Canny edge detector#
from skimage import feature
edges1 = feature.canny(keanu)
edges2 = feature.canny(keanu, sigma=3)python
Original, Canny at sigma=1, Canny at sigma=3
Canny is the one that gives you continuous contour lines. With Sobel and with my Gaussian derivative filter, edges are broken up. Canny connects them. Increasing sigma to 3 drops the smaller features (eyebrow hairs, tufts of hairline) but the contours stay connected.
The reason is that Canny does non-maximum suppression and hysteresis thresholding after computing the gradient. Sobel and raw Gaussian derivatives just give you gradient magnitudes. You’re on your own for thresholding those.
Bonus: etch-a-sketch#
The homework was done at this point. I wanted to try some things with what we’d covered.
Sobel + Otsu threshold + invert on a color image. The blur beforehand makes the edges thicker, which controls the “pencil width.”
from skimage.color import rgb2gray
from skimage.util import invert
from skimage.filters import sobel, threshold_otsu
keanu_colour = imread('keanu_colour.jpg')
blur_keanu = gaussian(keanu_colour)
clean_keanu = rgb2gray(blur_keanu)
edge_keanu = sobel(clean_keanu)
thresh_mesh = threshold_otsu(edge_keanu)
binary_keanu = edge_keanu > thresh_mesh
plt.imshow(invert(binary_keanu), cmap='gray')python
Sobel + Otsu + invert = pencil sketch
Bonus: A Scanner Darkly#
The movie A Scanner Darkly uses cel-shading, which needs 3D surface normals to compute. We don’t have 3D data here, but you can get something in the same neighborhood with image segmentation.
Quickshift segmentation breaks the image into superpixels. Build a region adjacency graph (RAG) based on mean color, merge regions with similar colors using cut_threshold, and draw the segment boundaries in black on top of the averaged colors.
from skimage import segmentation, color
from skimage.future import graph
keanu_colour = imread('keanu_colour.jpg')

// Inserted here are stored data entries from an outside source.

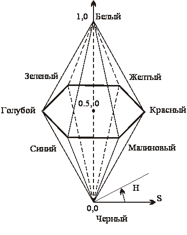 Процесс добавления белого цвета к заданному можно представить как уменьшение насыщенности S , а процесс добавления чёрного цвета – как уменьшение яркости V . Основанию шестигранного конуса соответствует проекция RGB куба вдоль его главной диагонали.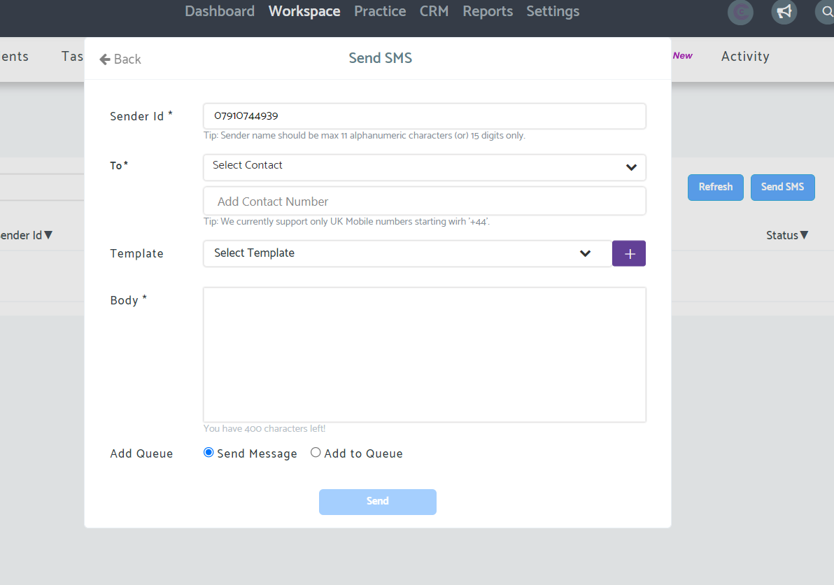 You can send SMS messages to your clients. Please get in contact if you cannot see the SMS access in Capium PM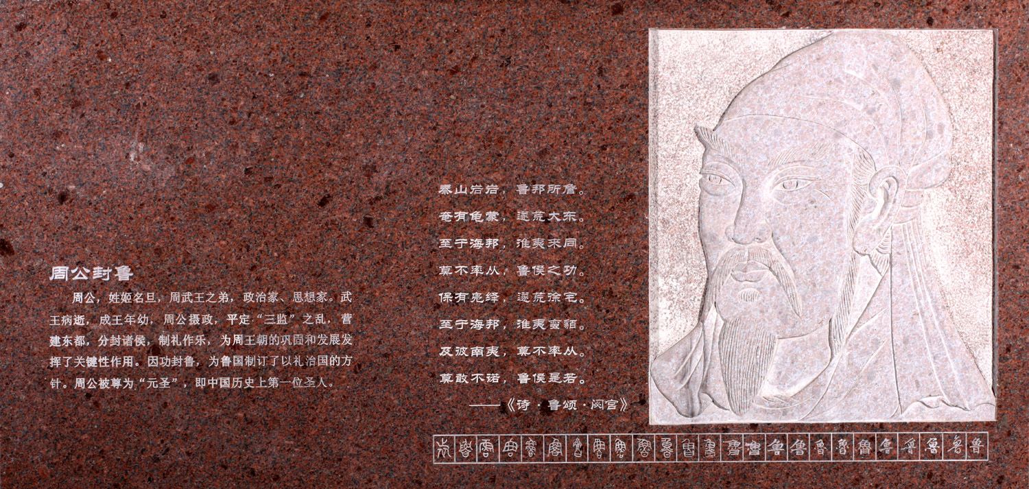 由于西周建国不久,周武王病逝,周公受命辅佐成王,所以实际受封的是周公嫡长子伯禽。鲁国靠近中原,鲁国的地理位置优越,利于国内各方面发展。说到周公,大家肯定对曹操《短歌行》中的诗句不陌生:周公吐脯,天下归心。就是说姬旦礼贤下士,迎客求才心切,进餐时听到有贤人来访多次吐出食物招待来客。同时,成王在周公的辅佐之下,制礼作乐,推行宗法制、分封制、井田制等一系列促进社会发展,稳定政局的政策和措施,尤其是平定三监之乱,亲自率军东征,为周代的长盛不衰奠定了基础。周公根据商朝灭亡的经验教训,提出了“敬天保民”“以德配天”的治国理政的思想,在中国思想史上占有重要地位,对后世帝王治国理政树立了典范,为儒家所推崇,是中国历史上一位杰出的政治家、思想家。

labels1 = segmentation.quickshift(keanu_colour, kernel_size=7,
max_dist=6, ratio=0.5)
out1 = color.label2rgb(labels1, keanu_colour, kind='avg')

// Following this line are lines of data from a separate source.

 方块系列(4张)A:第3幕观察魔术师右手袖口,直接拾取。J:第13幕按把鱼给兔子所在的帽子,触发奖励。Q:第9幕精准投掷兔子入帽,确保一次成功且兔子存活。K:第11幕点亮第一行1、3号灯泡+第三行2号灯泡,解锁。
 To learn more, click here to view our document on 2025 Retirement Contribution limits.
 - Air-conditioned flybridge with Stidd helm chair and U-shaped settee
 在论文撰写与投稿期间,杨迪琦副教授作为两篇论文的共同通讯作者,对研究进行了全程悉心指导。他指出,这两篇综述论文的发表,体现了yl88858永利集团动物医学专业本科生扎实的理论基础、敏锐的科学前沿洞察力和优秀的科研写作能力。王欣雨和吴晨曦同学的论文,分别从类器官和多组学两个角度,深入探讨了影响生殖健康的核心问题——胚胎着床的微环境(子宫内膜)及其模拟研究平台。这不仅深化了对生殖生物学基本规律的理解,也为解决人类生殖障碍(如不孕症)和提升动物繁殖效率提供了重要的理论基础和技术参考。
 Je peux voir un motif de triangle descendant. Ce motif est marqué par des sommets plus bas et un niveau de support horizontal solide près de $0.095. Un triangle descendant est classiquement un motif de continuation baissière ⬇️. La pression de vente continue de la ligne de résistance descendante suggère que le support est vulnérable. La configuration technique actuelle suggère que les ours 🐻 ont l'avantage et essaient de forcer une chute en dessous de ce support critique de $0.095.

g = graph.rag_mean_color(keanu_colour, labels1)
labels2 = graph.cut_threshold(labels1, g, 20)
out2 = color.label2rgb(labels2, keanu_colour, kind='avg')

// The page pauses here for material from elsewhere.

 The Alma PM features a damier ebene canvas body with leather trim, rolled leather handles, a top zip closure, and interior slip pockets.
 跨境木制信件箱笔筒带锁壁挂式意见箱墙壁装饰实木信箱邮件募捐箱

out2 = segmentation.mark_boundaries(out2, labels2, (0, 0, 0))python
Quickshift segmentation (top), then RAG merging with boundaries drawn (bottom)
More simplistic than the actual cel-shading from the movie. The cut_threshold parameter (20 here) controls how aggressively regions get merged. Lower values = more segments. Higher values = big flat color blobs.
What I got out of this#
The Gaussian derivative implementation was most of the work. The naive 2D kernel is easy to write but I couldn’t get it to play nice with skimage’s API. The separable 1D version is more code but it actually fits into the library.
For the edge detector comparison: my Gaussian derivative filter gives rough edges with noise. Sobel cleans that up. Canny gives connected contours. They all start with the same idea (convolve with a derivative kernel) but Canny does extra work on top of the gradient computation to link edges together.